Quantitative characterization of the brain in neurodegenerative diseases, such as Alzheimer disease (AD), has been performed using cortical and hippocampal segmentation and visualized on magnetic resonance imaging (MRI). For brain imaging, statistical parametric mapping and FreeSurfer have been widely used [5]. Recently, image data with processing techniques and deep learning methods have been used for research in various ways. Studies based on convolutional neural networks (CNNs) have mainly focused on deep learning using medical images [6–8]. These methods perform well in detecting brain tumors and stroke lesion segmentation [9,10]. In dementia, factors such as segmentation, gray matter (GM) tissue maps, and cortical thickness, have high predictive value in AD. Therefore, determining how segmentation can be improved is critical to achieving accurate clinical decisions. Deep learning analysis of MRI can potentially assist in detecting biomarkers before the appearance of dementia symptoms which can help clinicians determine a confirmatory diagnosis. In addition, image biomarkers can be utilized for disease assessment, differential diagnosis, monitoring, and treatment [11]. However, obtaining a sufficient number of medical images for artificial intelligence (AI) learning is difficult. Furthermore, the AI models may have low performance if the images utilized for learning are acquired using different procedures and scanners at multiple institutions with insufficient variability in resolution, noise, and tissue appearance [12,13].
To address these issues, images should be standardized with preprocessing methods, such as brain registration, warping, and voxel-based morphometry [14–16]. In addition, data augmentation, which increases the sample responsiveness of a model, can be applied [17–19]. However, verifying whether an AI model exhibits satisfactory performance before implementing these methods is difficult. Therefore, we developed a system that complements model performance using preliminary indicators. The preindex system used in this study includes GM as the detection object and white matter (WM) as the preindicator.
In our preliminary indicator hypothesis, signals acquired in medical images have characteristic information based on devices and acquisition methods. Data derived from a specific area have a higher signal-to-noise ratio (SNR) than that obtained from the entire image. The performance of AI models generally decreases when external data are used without training. Furthermore, converting the external data based on the characteristics of the training data improves performance.

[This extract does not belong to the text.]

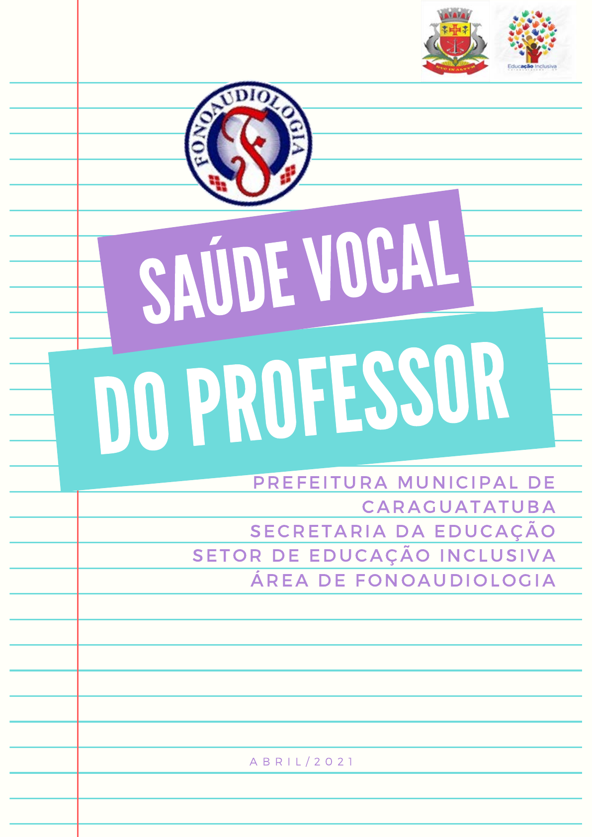 <p>DO PROFESSOR</p><p>SAÚDE VOCAL</p><p>PREFEITURA MUNIC IPAL DE</p><p>CARAGUATATUBA</p><p>SECRETARIA DA EDUCAÇÃO</p><p>SETOR DE EDUCAÇÃO INCLUSIVA</p><p>ÁREA DE FONOAUDIOLOGIA</p><p>A B R I L / 2 0 2 1</p><p>Todo professor deve aprender a preservar sua saúde</p><p>vocal, evitando futuros prejuízos ao seu principal</p><p>instrumento de trabalho: a VOZ.</p><p>Segundo estudos, a docência é uma das profissões</p><p>com maior incidência de alterações vocais, como</p><p>nódulos e edemas. Essas alterações ocorrem por uso</p><p>excessivo ou inadequado da voz, acarretando</p><p>dificuldade na emissão natural da mesma, a que</p><p>chamamos de Disfonia.</p><p>A Disfonia aparece como:</p><p>CANSAÇO E ESFORÇO AO FALAR;</p><p>DIFICULDADE EM MANTER A VOZ;</p><p>ROUQUIDÃO E VARIAÇÃO NO TOM DE VOZ;</p><p>DOR OU ARDOR NA GARGANTA;</p><p>PIGARRO CONSTANTE E TOSSE SECA PERSISTENTE;</p><p>VOZ FRACA NO FINAL DO DIA.</p><p>INTRODUÇÃO</p><p>• Respire sempre corretamente, levando o</p><p>ar até a barriga e expandindo as costelas. A</p><p>barriga deve expandir como se estivesse</p><p>cheia de ar;</p><p>• Ao falar, mantenha postura ereta e</p><p>relaxada, sem tensões;</p><p>•Procure falar voltado para os alunos, não</p><p>girando somente o pescoço. Utilize gestos</p><p>e expressões faciais para complementar o</p><p>que está falando;</p><p>PARA MANTER A SAÚDE VOCAL,</p><p>ALGUNS CUIDADOS SÃO FUNDAMENTAIS:</p><p>#FICADICA</p><p>• Fale pausadamente e de maneira correta,</p><p>articulando bem as palavras e sem exagero,</p><p>inclusive os sons do final das palavras, como</p><p>por exemplo, os sons de “S” e “R”. Lembre-se:</p><p>você é modelo para seus alunos;</p><p>•Evite competir com ruídos externos ou da</p><p>própria sala de aula. Quando o ruído é</p><p>intenso, não escutamos direito nossa própria</p><p>voz. A autoridade se dá através de uma</p><p>dicção clara e de um discurso coerente;</p><p>• Utilize atividades que solicitem a</p><p>participação efetiva dos alunos, como</p><p>música, leitura, dramatização e trabalhos</p><p>em grupo. Desta maneira você estará</p><p>motivando a classe com dinamismo e</p><p>poupando a sua voz.</p><p>•A voz é seu precioso instrumento de</p><p>trabalho, portanto, economize-a!</p><p>•Faça repouso vocal nos intervalos de</p><p>trabalho;</p><p>•Beba bastante água em temperatura</p><p>ambiente, pelo menos 2 litros,</p><p>principalmente durante o uso da voz.</p><p>Nada de gelado!</p><p>•Antes das aulas evite a ingestão de</p><p>alimentos que possam aumentar a</p><p>secreção gástrica. Alimentos como os</p><p>derivados de leite, chocolate e mel,</p><p>“engrossam” a saliva e dificultam tanto a</p><p>articulação quanto a vibração das pregas</p><p>vocais. Coma maçã ou salsão antes de</p><p>iniciar as aulas, porque além de possuir</p><p>efeito “adstringente” deixando a saliva</p><p>“fininha”, esses alimentos exercitam a</p><p>musculatura mastigatória utilizada na</p><p>articulação das palavras;</p><p>•Evite balas, pastilhas, sprays ao fazer uso</p><p>da voz. Eles possuem efeito anestésico,</p><p>mascarando sintomas e permitindo o</p><p>abuso vocal.</p><p>#FICADICA</p><p>•Evite Bebidas Alcóolicas e Fumo. A fumaça</p><p>do cigarro agride todo o Sistema</p><p>Respiratório, inclusive as pregas vocais que</p><p>ficam secas e irritadas. Isso faz com que a</p><p>garganta produza secreções provocando</p><p>pigarro. Da mesma forma, o álcool também</p><p>causa irritação no aparelho fonador. Sua</p><p>ingestão pode anestesiar a garganta</p><p>permitindo abusos sem que se perceba,</p><p>como falar alto e gritar;</p><p>• Ao sentir vontade de tossir ou pigarrear,</p><p>respire profundamente pelo nariz e engula</p><p>saliva várias vezes ou beba água. O pigarrear</p><p>constante causa atrito nas pregas vocais,</p><p>ferindo-as. Bebendo água, fluidifica-se este</p><p>muco e, gradualmente, a necessidade de</p><p>pigarrear diminui</p><p>• Respeite suas horas de sono. Todos os</p><p>músculos precisam de descanso. Quando o</p><p>corpo está cansado, as pregas vocais</p><p>também estão.</p><p>• Para diminuir a tensão na área do pescoço</p><p>e dos ombros, boceje e espreguice várias</p><p>vezes ao dia e ao acordar.</p><p>• Use roupas confortáveis e tecidos que</p><p>absorvam a transpiração. Roupas leves e</p><p>folgadas são ideais para quem trabalha com</p><p>a voz. Sapatos confortáveis também</p><p>favorecem a postura correta.</p><p>• Participe de atividades físicas e de lazer</p><p>que contribuam para sua saúde: exercicios</p><p>de alongamento, ioga, ginástica, pilates,</p><p>caminhada e natação.</p><p>• Realize exercícios de relaxamento e alongamento de</p><p>ombros, pescoço, e face:</p><p>A) Gire os ombros para trás, lentamente, e depois gire-</p><p>os para frente;</p><p>B) Faça movimentos com a cabeça, simulando “SIM,</p><p>NÃO, TALVEZ”</p><p>C) Levante os braços, lentamente,ao mesmo tempo</p><p>em que inspira pelo nariz, e abaixe-os expirando pela</p><p>boca, como se estivesse soprando</p><p>#FICADICA</p><p>CASO ESTES SINTOMAS PERSISTAM,</p><p>PROCURE UM FONOAUDIÓLOGO OU</p><p>UM MÉDICO OTORRINOLARINGOLOGISTA!</p><p>ESTEJA ATENTO AOS SINTOMAS, SENSAÇÕES E</p><p>MUDANÇAS NA SUA VOZ !!!!</p><p>1.Behlau, Mara; Gragone, Mária Lúcia Suzigan ; Nagano, Lúcia- A</p><p>voz que Ensina, o professor e a Comunicação Oral em Sala de Aula.</p><p>Editora Revinter. Ano 2004.</p><p>2.Behau, Mara ; Pontes, Paulo- Higiene Vocal: Cuidando da Voz.– 5ª</p><p>Edição. Editora Revinter . Ano 2017.</p><p>3.Lopes, Leonardo; Moreti, Felipe; Ribeiro, Lívia Lima-</p><p>Fundamentos e Atualidades em Voz Clínica . Editora Revinter ( Rio</p><p>de Janeiro). Ano 2019.</p><p>4. Pinho, Silvia M. Rebelo -Manual de Higiene Vocal para</p><p>Profissionais da Voz– 4ª Edição. Editora Pró-fono. Ano 2019.</p><p>5.Pinho, Silvia M. Rebelo- Tópicos em Voz . Editora Guanab

In the present study, brain WM was used as a preindicator because it occupies an extensive area in the brain compared with the cortex or other specific areas. Furthermore, the intensity of this area appears relatively uniform on MRI scans. Because this area is large, even if some portions of the WM are not detected, or other small areas are falsely detected, the effect on the average and standard deviation (SD) of all the divided pixels would be small. Preindicator-based preprocessing and data augmentation were utilized to improve model-based segmentation processes and improve software-based clinical evaluations and diagnostic efficacy.
Methods
This study was performed in accordance with the Declaration of Helsinki. The study was approved by the Institutional Review Board of Seoul National University Hospital (No. 1712-038-905) and written informed consent was waived due to its retrospective nature.
Dataset preparation
Alzheimer’s Disease Neuroimaging Initiative
Data used in these analyses were obtained from the Alzheimer’s Disease Neuroimaging Initiative (ADNI) database (http://www.loni.ucla.edu/ADNI/Data/index.shtml, adni.loni.usc.edu), a publicly available database launched in 2003 as a public-private partnership. MRI T1 sagittal data (n = 480) were collected. The data were labeled during the data acquisition process. Subjects were divided into cognitively normal (CN, n = 204) and AD (n = 276) groups. The demographics of the study population are shown in Table 1.
Local medical check-up center
Another dataset of MRIs from 301 individuals (male, 137 and female, 164) was randomly selected from a healthy cohort in the Seoul National University Hospital Healthcare System Gangnam Center (IRB number, H-1712-038-905). Subjects who had undergone brain MRI including three-dimensional (3D) magnetization-prepared rapid gradient-echo sequence as part of dementia screening were considered. Whether the subjects were CN was determined with a comprehensive neuropsychological battery using the Korean version of the Consortium to Establish a Registry for Alzheimer’s Disease and clinical counseling by an experienced neurologist (Park KI) and psychiatrist (Yoon DH).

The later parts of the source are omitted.